The first batch was brought to temporary holding facility Camp X-Ray. Overgrown weeds and vegetation now cover the kennel-like metal cages. The wooden watchtowers have started to crumble, worn down by the hot Caribbean sun.

Today, naval families occupy houses that overlook the site - a sign of how normalised the detention centres have become among those who live and serve on the base, which was opened in 1898 in agreement with the Cuban government.

“The exposure it received as a result of the detention centre is understandable, but it’s not the sole function of this installation,” Captain Samuel White, the base’s chief, said when asked about how its dual missions co-exist. “I’m not making a judgement - good, bad, whatever - on whether something needs to be put behind us.”

American sentiment on Guantanamo has changed greatly over the years. In the aftermath of 9/11, public support was high. However, the pendulum swung as the US became bogged down by the intractable conflicts in Iraq and Afghanistan.

Now, as the US winds down its involvement in both wars, it is left with the quandary of what to do with their prisoners.

Traditionally, when conflicts end, wartime detainees are sent home. But the government has taken the position that the war on terror Congress authorised is bigger than the conflict in Afghanistan.

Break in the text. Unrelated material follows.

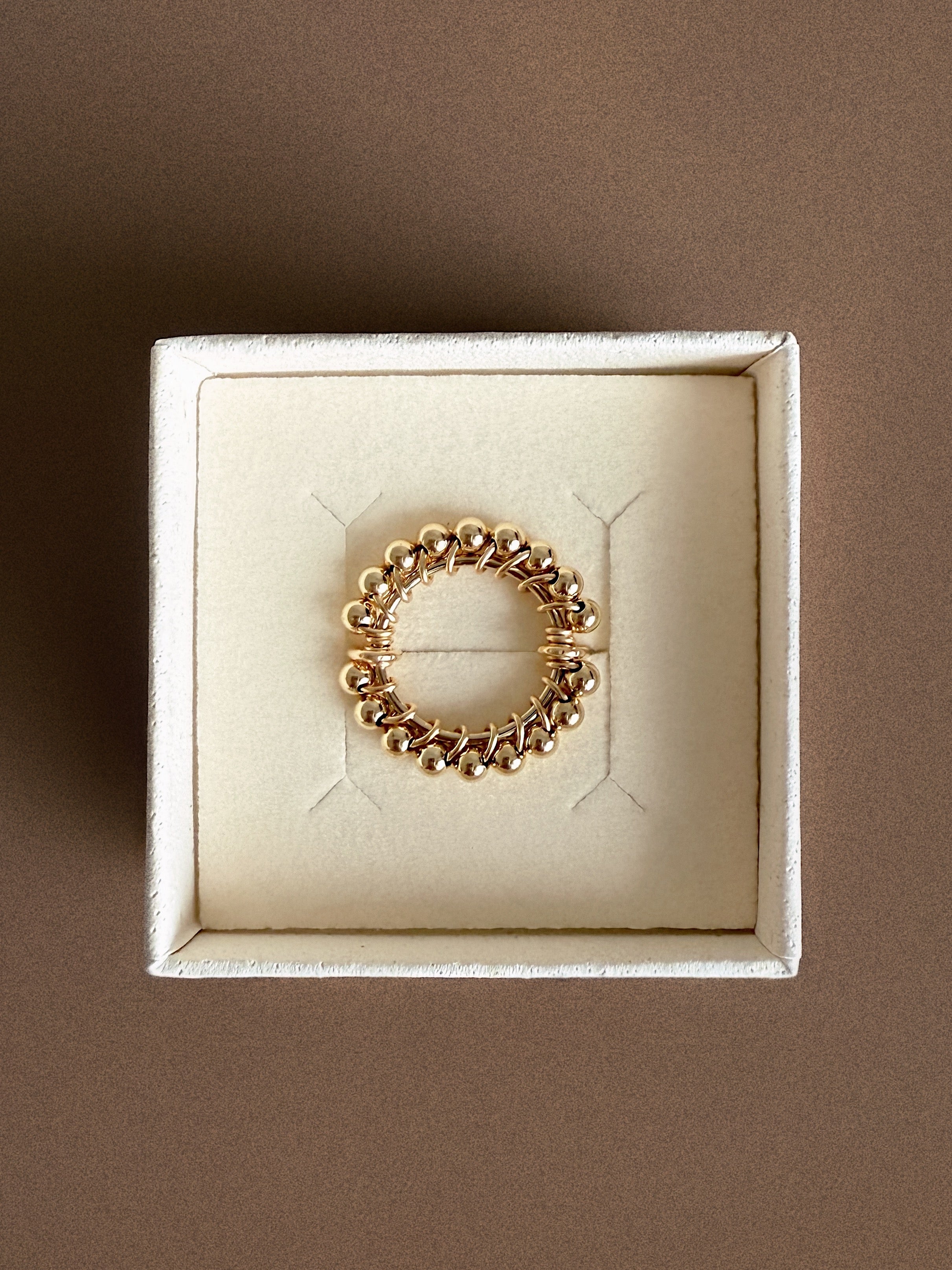 Bague Solaire en perles de verre et or laminé 14 carats.

Marines transport a detainee in Camp X-Ray February 6, 2002
Marines transport a detainee in Camp X-Ray February 6, 2002

Lawyers for the detainees are trying to argue through US federal court that whatever legal authority the government had to detain their clients is about to timeout.

“The case is essentially a litigation of the war on Afghanistan, and the war is over. President Biden told us that last week,” Mrs Hensler said. “The United States entered into a peace agreement with the Taliban a year-and-a-half ago and here we still are.

“My client is a prisoner of war, he should be sent home.”

John Kirby, Pentagon spokesman, said there was no direct link between its future and the coming end to the “mission” in Afghanistan.

Joseph Marguiles, one of the first Gitmo defence lawyers and author of Guantanamo and the Abuse of Presidential Power, said it is unlikely Mr Biden will make any sudden announcement.

“The Biden administration learned from the mistake of the Obama one, which was to make its closure into a big political deal,” Mr Marguiles, an attorney with the MacArthur Justice Center, told The Sunday Telegraph. “Obama was told to just quietly release a guy every few months, gradually bringing the number down as low as he could. That's just what Biden is going to do over the next four years.”

Whatever happens next will be keenly followed by the families of 9/11 victims, which continue to wait for long-denied closure.

“This is one of the most - if not the most - important trials in the history of this country,” said Colleen Kelly, founder of September 11 Families for Peaceful Tomorrows. “The fact that the military commissions are such a failure, as a family member, is profoundly hurtful.”

Mrs Kelly, who lost her brother Bill in one of the Twin Towers, has attended numerous pre-trials hearings of Khalid Sheikh Mohammed, the alleged mastermind of the attacks, but was left questioning whether they were the right vehicle for justice.

“Relatives have died without seeing any accountability,” said Mrs Kelly. “Did I ever imagine we would be here 20 years on? Absolutely not. If the end goal is in fact justice then we’re very far off.”